The Complex Korteweg-de Vries Equation: A Deeper Theory of Shallow Water Waves

TL;DR

This paper derives a complex Korteweg-de Vries equation for shallow water waves, providing a more fundamental framework that captures particle trajectories and wave dynamics more comprehensively than traditional real KdV models.

Contribution

It introduces a complex KdV equation derived from Levi-Civita's fluid theory, establishing its fundamental role over the real KdV in shallow water wave analysis.

Findings

Complex KdV describes all water particle motions from surface to bottom.

Wave elevation is governed by the real KdV as a natural consequence.

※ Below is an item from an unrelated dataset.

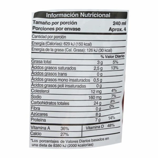 Leche chocolatada semidescremada chocolatada UHT, 50% libre de grasa, con vitaminas A, D3 y calcio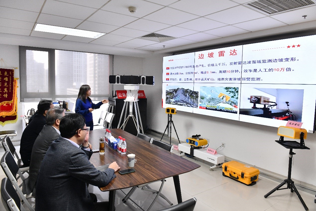 会前,袁亮院士一行在周福宝陪同下参观了边坡雷达创新团队、国家油气输送管道地理信息系统、职业健康防护技术装备以及安全生产风险监测预警中心。

Results align well with existing numerical simulations.

Abstract

Using Levi-Civita's theory of ideal fluids, we derive the complex Korteweg-de Vries (KdV) equation, describing the complex velocity of a shallow fluid up to first order. We use perturbation theory, and the long wave, slowly varying velocity approximations for shallow water. The complex KdV equation describes the nontrivial dynamics of all water particles from the surface to the bottom of the water layer. A crucial new step made in our work is the proof that a natural consequence of the complex KdV theory is that the wave elevation is described by the real KdV equation. The complex KdV approach in the theory of shallow fluids is thus more fundamental than the one based on the real KdV equation. We demonstrate how it allows direct calculation of the particle trajectories at any point of the fluid, and that these results agree well with numerical simulations of other authors.